Although they aren’t related to pigs, these little creatures do eat like pigs and will knock over their food bowls and spread the food around. Feed them in heavy based bowls that are easy to wash and clean up any spilled food from the bottom of the cage.
Guinea pigs rarely need bathing as they groom themselves several times every day although long haired guinea pigs may require daily brushing with a soft brush as well as bathing every 3 to 4 months to prevent matting.
If a bath is necessary, choose a shampoo that is specifically designed for small animals and which are available at Better Pets and Gardens. Fill a sink or tub with just a few centimetres of luke warm water and use a jug to pour some of the water over its body, add a little shampoo and massage gently. Avoid wetting the head, nose, eyes and ears. Rinse the shampoo off and use a fluffy towel to dry the fur. A hair dryer can be used on a low heat and from a distance of about 30cm to make sure that the fur is completely dry before the guinea pig goes back
Two guinea pigs that fight or don’t get on may bond better if they have a ‘buddy bath’. Taking them out of their comfort zone and giving them a shared experience seems to cause them to cuddle up together for support when they are put back into their cage. Their new smell also helps to take away any feelings of dominance.
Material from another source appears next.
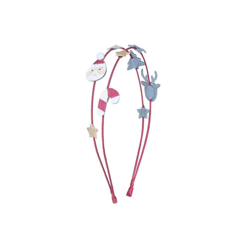 Santa & Rudolph Double Alice Taç yılbaşı ruhunu taçlı bir yıldıza taşıyor: kırmızı kurdele kaplı çift sıra alices taç, üzerinde küçük bir Noel Baba figürü, ren geyiği Rudolph, şeker kamışı, yıldızlar ve yılbaşı ağacı detayları ile minikler için hem eğlenceli hem şık bir seçenek.
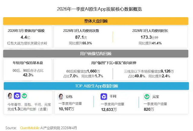 Data from QuestMobile reveals that as of March 2026, China's AI-native apps boasted 440 million monthly active users (MAUs).

Most health issues with guinea pigs come down to poor housing or an unbalanced diet. Diarrhoea is one of the more common issues and usually due to not providing enough fibre or feeding foods with high oil content. Skin problems caused by fungal infections or mites can also occur if the cage is not kept clean or the bedding not replaced weekly.
Both the nails and the teeth of guinea pigs grow continuously and will need occasional trimming. The teeth should be done by a veterinarian and they will also do the nails although these can be done at home as well. If the nails aren’t trimmed they may grow so long that they curl back into the foot causing infection.
As with most animals, there are always signs to look out for that show that a guinea pig is unwell. Hair loss, lethargy or loss of appetite are clear signs of illness as are discharge from the nose and eyes, peeling skin, inflammation or changes to the faeces or urine. Any animal that is unwell should immediately be removed from the other animals and kept warm until veterinary advice can be sought.